Soll es etwa eine Schande sein, wenn ein Teenager mit 13 Jahren noch Jungfrau ist? Diese verrückte Idee wurde einem Jungen im US-Staat New Mexico von seinen Mitschülern eingehämmert. Wie die amerikanische Nachrichtenseite koat.com berichtet, hat dort ein Teenager ein 7-jähriges Mädchen aus seiner eigenen Familie vergewaltigt, um seine Jungfräulichkeit zu verlieren. Mittlerweile wurde er verhaftet.
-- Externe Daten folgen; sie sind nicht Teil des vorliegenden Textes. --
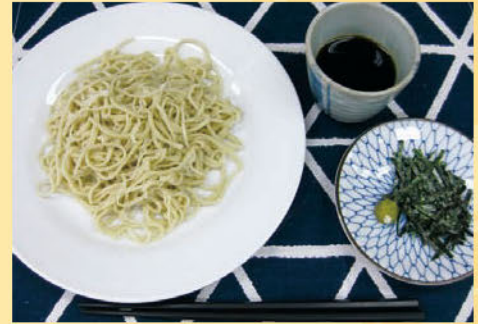
昨年の「手打ちそば教室」の様子と出来上がった蕎麦
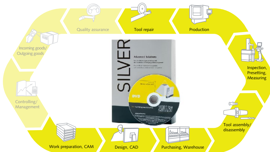
Обзор производственного процесса: эти шаги включены в пакет SILVER
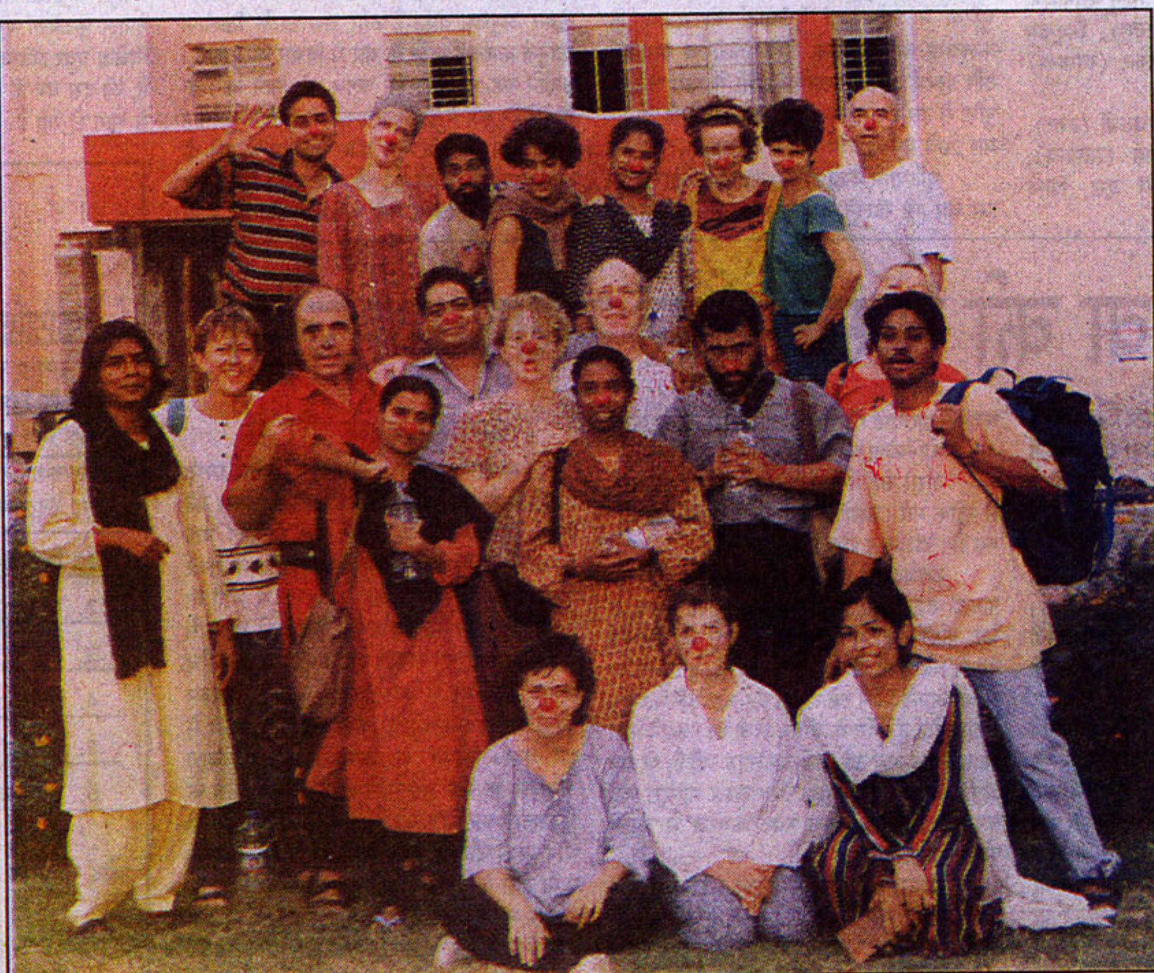
फ्रांसिसी और भारतीय कलाकार 'थियेटर फॉर अप्रेशड' में

इमेज को सपनों में नहीं बदलना होता है, जमीन पर बदलना होता है। दर्शकों में से जो लोग उठकर तस्वीर बदलने आते हैं, उनसे कहा जाता है कि पहले वे उनकी जगह लें फिर बताये कि इस बेजान अमानवीय इमेज को कैसे इन्सानी तस्वीर में, जो उनका अपना सपना है बदल सकते हैं। जयपुर के लोगों ने पहली बार इमेज शैली के नाटक देखे और इसमें हिस्सा भी लिया। खूब मजा आया उन्हें।
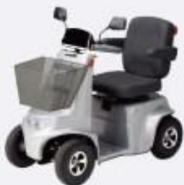
スーパーシルバー
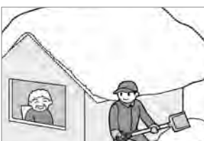
⑨高齢者世帯・母子世帯等、除雪に困っている方には近所で協力しましょう
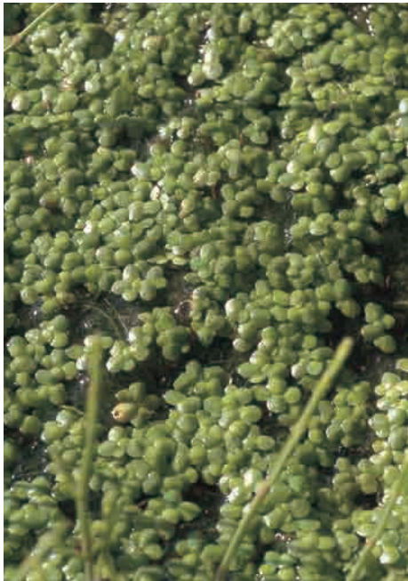
2. ヒメウキクサ Landoltia punctata 千葉県我孫子市 01.11.18 (山田)→p.107
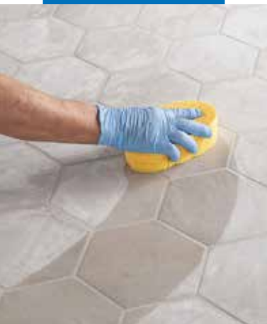
Pulizia e finitura delle fughe con spugna di cellulosa dura
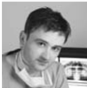
Oral-Ch. D. S. Chemnitz
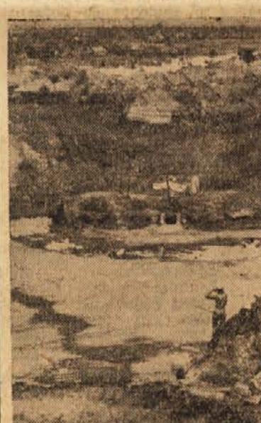
Evakuacija ob ustju Rdeče reke

Hanoj, 10. jul. (AFP). V ustju Rdeče reke je bilo včeraj precej mirno. Boji so se bili le pri mestu Vin Jen. Pritisk vietnamskih entozevanja.
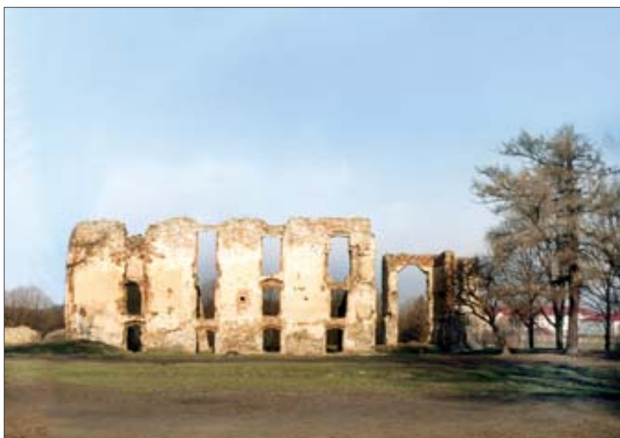
11. Bodzentyn, zamek biskupów krakowskich. Fot. J. Mróz, 2003 r.
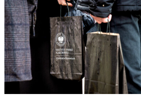
Instytut Pamięci Narodowej oddał hołd rodzinie Zimoniów z Rybnika - Rybnik, 25 marca 2024.
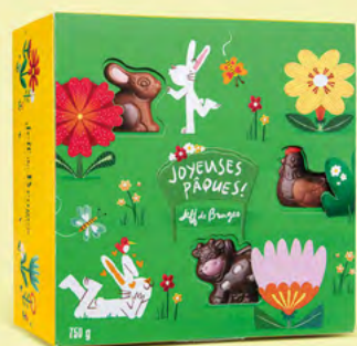
LE BALLOTIN DE 750 G 60 CHOCOLATS ASSORTIS
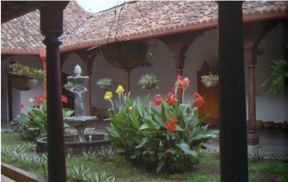
Jardín y corredores granadinos, de Nicaragua.

y candado, daba a la calle, pero permanecía en esas ocasiones abiertas de par en par a la luz crepuscular que detallaba como en un lienzo de Renoir a la familia ufana de placidez. Por anticipado Do-
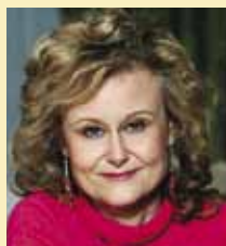
7 июня Агриппину Аркадьевну – Дарью Донцову, автора

Laut Polizei, sei der Junge durch ständiges Mobbing in der Schule zu diesem schlimmen Verbrechen verleitet worden. Der 13-Jährige sitzt derzeit in einem Jugendgefängnis in Santa Fe.

Die Polizei stellt den jugendlichen Sextäter aber auch als Opfer hin. "In diesem Fall geht es nur um Mobbing", erkärt Sheriff Thomas Rodella gegenüber koat.com. "Wegen des Mobbings haben wir jetzt zwei Opfer."

Die Menschen aus der Nachbarschaft des Täters reagieren bestürzt: "Es ist einfach traurig, wenn ein 13-Jähriger so schikaniert wird, dass er sich entschließt, einem Familienmitglied etwas derart Schlimmes anzutun", zitiert koat.com Kathryn Martinez, die selbst Mutter ist.

Am Dienstag muss ein Richter entscheiden, ob der Junge weiter im Gefängnis bleibt oder ob er nach Hause zurückkehren darf.